His profile reads as follows: i am very sesitive man, i like very mouch dance salsa.
He sounds like the perfect man for me.
He barely speaks English, lives in Spain where he teaches Salsa full time, umm and he has several photos of himself on facebook with no shirt on, in some of them he is exiting the water and covered in little drops, in one of them he has a fan in front of his penis. He has offered to help me get settled in Barcelona, did I mention that I have decided to move there now that the skinny Italian who broke my heart is no longer in the picture? Ok - so he is still in the picture, but now the picture looks like this:
I go to Barcelona in February to start looking for an apartment and to meet some more people in the dance community. My new Latin lover comes to 'help me get settled' and I bring him out to meet the skinny Italian who broke my heart (who is still my friend) and his posse at the beach or some other place where my new Latin lover can take off most of his clothing. The skinny Italian becomes jealous. I have Latin love.
My Latin lover (who's name ends in the letter O not by coincidence I am guessing) and I spoke on msn last night with a webcam. He had no shirt on. He confessed that he is not rich but is looking for a woman with whom he can start a family. I don't know if I want to have his children, but we can certainly practice making some. . .

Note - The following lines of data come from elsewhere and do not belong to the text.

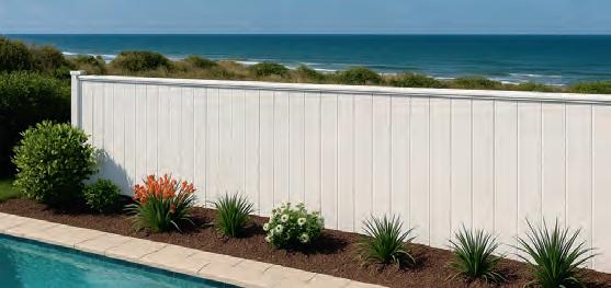 If you’re after full privacy and durability, Colorbond fencing remains a solid contender. Available in 15 colours and a range of styles, it’s well-suited to both modern and coastal homes. Built tough to withstand the elements, Colorbond offers security, a clean finish and virtually no maintenance, ideal for backyards where function is just as important as form. Find out more about the range at metroll.com.au/ product_categories/ colorbond-fencing/.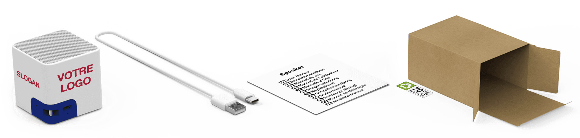 Le nom Bluetooth® est ce que l'utilisateur voit sur son smartphone ou sa tablette lorsqu'il veut connecter le produit audio. Nous pouvons personnaliser ce nom, et ainsi donner une plus grande visibilité au nom de votre société, en renommant le produit avec votre nom ou marque. Si vous ne souhaitez pas bénéficier de ce service, nous afficherons le nom par défaut 'Promo Audio'.Accessoires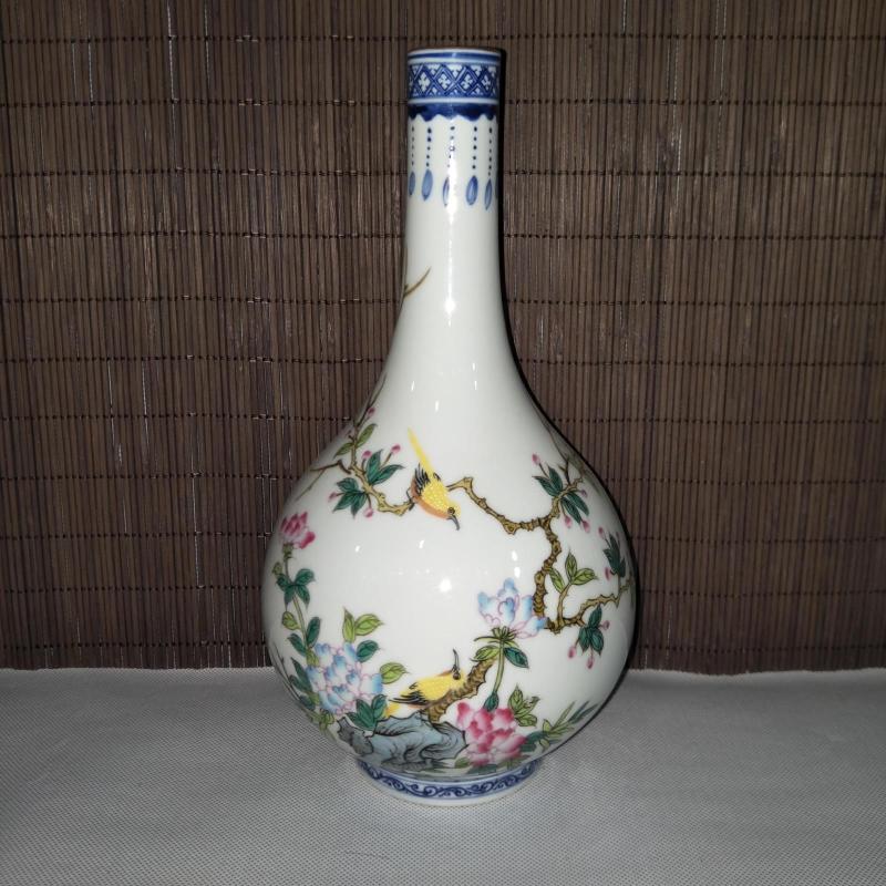 清乾隆青花斗彩描金粉彩花鳥膽瓶 全手工仿古瓷器擺件古玩收藏1入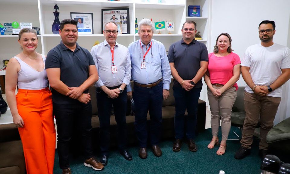 Na tarde desta quinta-feira (19), o presidente da Frimesa Elias Zydek, acompanhado do Superintendente Industrial Vitor Frosi, estiveram reunidos para discutir a realidade do abatedouro da empresa e os projetos em andamento, com o prefeito Valter Aparecido Souza Correia, Valtinho, vice-prefeito licenciado e Superintendente de Administração e Finanças Cloves Luiz Angeleli, Secretária de Habitação e Assuntos Comunitários Izabel Claro, Secretária do Trabalho, Emprego e Turismo Milene Angeleli e o Secretário de Planejamento, Infraestrutura e Obras Roberto Daniel Barbosa.

Now those with whom I have been friends for some time would warn me against this situation as it is not the first time I have fallen for a man with much meat and little else. I once dated a Cuban man who's naked photos are somewhere on the Internet (they should be on a greeting card). He would say things to me like 'Iiii am a shark and jou are a but-ter-fly and ve can nevah have a relationship. The shark will destroy the butterfly.' He would say this as he attempted to escape from my apartment while I crawled after him begging for round three. Yes it was pathetic. Thank goodness he went back to his girlfriend. It would never have worked out. He shoveled pigs in a meat freezer for God's sake, (but I may have married him anyway) this is why I can never go to Cuba (or Jamaica, or Brazil . . .)
My Latin lover is looking for a sugar mama and I am looking to make the skinny Italian who broke my heart jealous. I am also looking for a distraction from the heaviness of my life at the moment. So I will continue to poke, flirt, smile and IM for the time being. . . . and practice my Salsa.